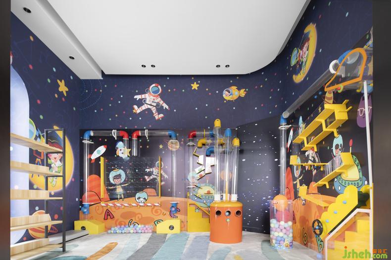 儿童区的打造极富想象力,色彩丰富的梦幻星空、自在遨游的小小宇航员、售楼处设计多样别致的游乐设施,轻而易举点燃孩子们与空间的情感互动,探索着这一方新奇世界。
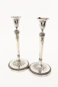 argento, altezza cm 24,5 - gr. 800 fusto a colonna con portacandela a vaso e bobèche estraibile, piede circolare [..]
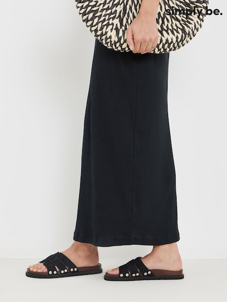 Simply Be Black Wide Fit Wood Effect Suede Footbed Sandals
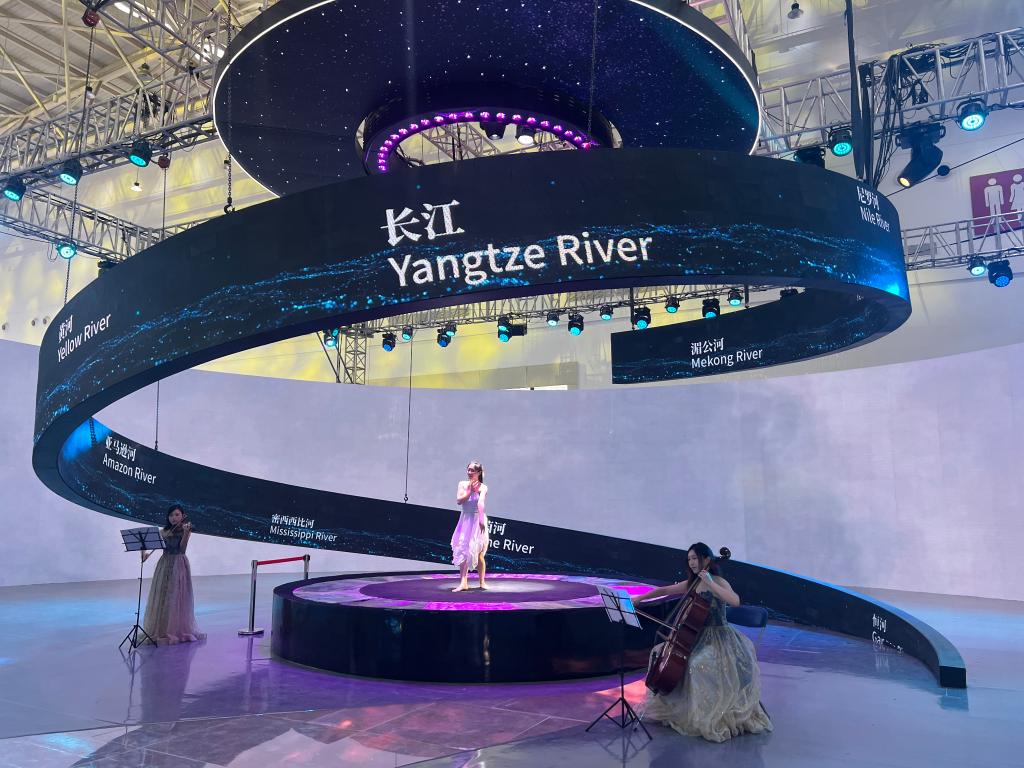 放眼全球,世界名曲與大江大河的有機融合令人心馳神往。在當天的展會上,數萬名觀眾踏著音樂的足跡沉浸式逛展。華中師范大學學生馬欣宇在觀賞“世界大河”館內的《黃河頌》表演時連聲贊嘆。“不同的大河風光在一首首江河之歌間緩緩流淌,仿佛世界文明就在我眼前一一展現。以后一定要去到這些地方,親自看一遍、聽一遍。”馬欣宇說。
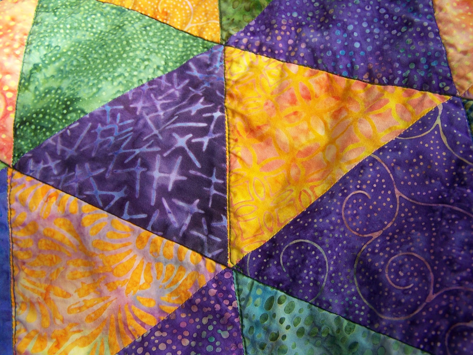 This was the second quilt . I made it to give to her when she left for university, about 7 years ago. At the time I belonged to a batik fat quarters club. I got some orange and purple fabrics one month and asked if she would like a quilt made of these fabrics. She said yes and asked that I make the pattern that came with the fabrics. I believe it was called 10,000 pyramids.
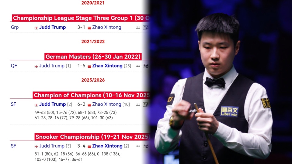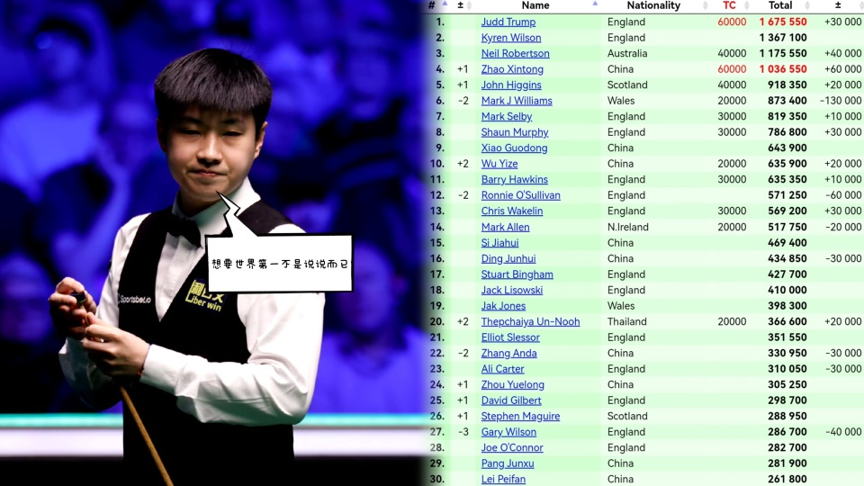 从两人生涯交手记录来看,五次交手三胜两负的特鲁姆普稍微占据一丝上风,很多球迷认为这次决赛王牌君将尽全力结束赵心童决赛不败神话,毕竟一旦这次国产准神拿下赛季第四冠(15万英镑积分),赵心童很有可能抢走自己世界第一的宝座,虽然目前小特依然领先超60万积分,但下赛季他的50万沙特赛和25万英锦赛积分将到期。
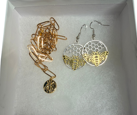 Deborah the Bee 18K Gold- Plated Brooch and Stud Earrings Bundle
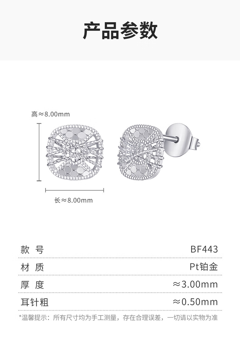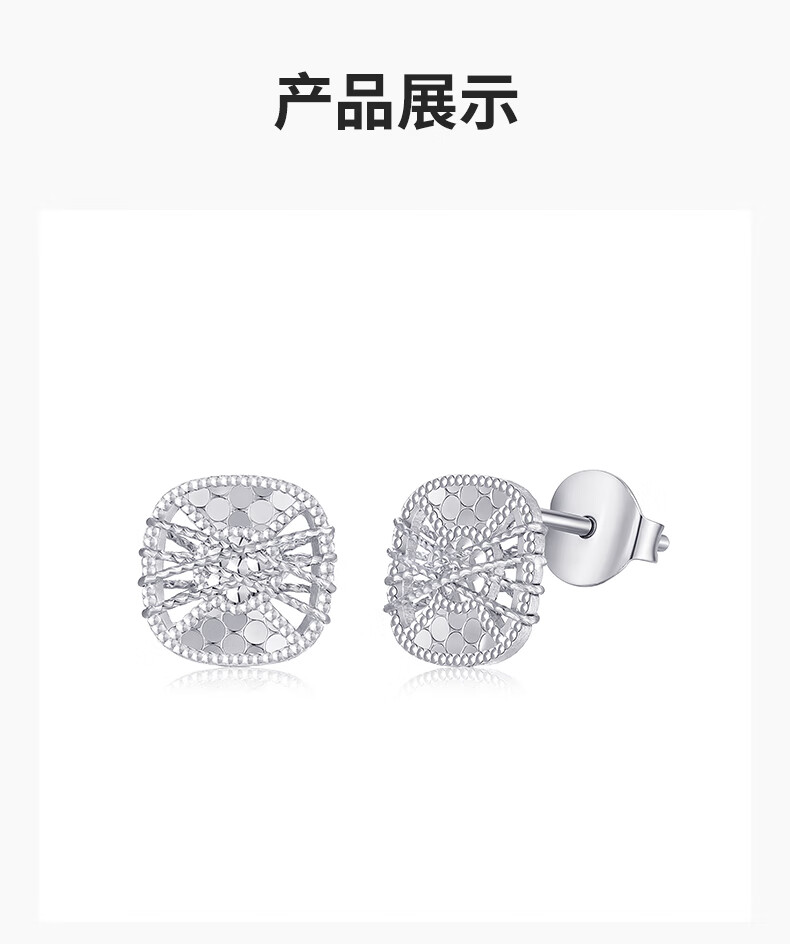 Xie Ruilin (TSL) platinum earrings square simple Pt platinum earrings women's earrings BF443 pair (about 2.0g)

□ □ □ □ □

• **WHAT THE TASK REQUIRES**: No pictures go in the copy. Output exactly the lines from the line containing "从两人生涯交手记录来看,五次" through the end of the listing above.

• **EXERCISE SOLUTION**:
 从两人生涯交手记录来看,五次交手三胜两负的特鲁姆普稍微占据一丝上风,很多球迷认为这次决赛王牌君将尽全力结束赵心童决赛不败神话,毕竟一旦这次国产准神拿下赛季第四冠(15万英镑积分),赵心童很有可能抢走自己世界第一的宝座,虽然目前小特依然领先超60万积分,但下赛季他的50万沙特赛和25万英锦赛积分将到期。
 Deborah the Bee 18K Gold- Plated Brooch and Stud Earrings Bundle
 Xie Ruilin (TSL) platinum earrings square simple Pt platinum earrings women's earrings BF443 pair (about 2.0g)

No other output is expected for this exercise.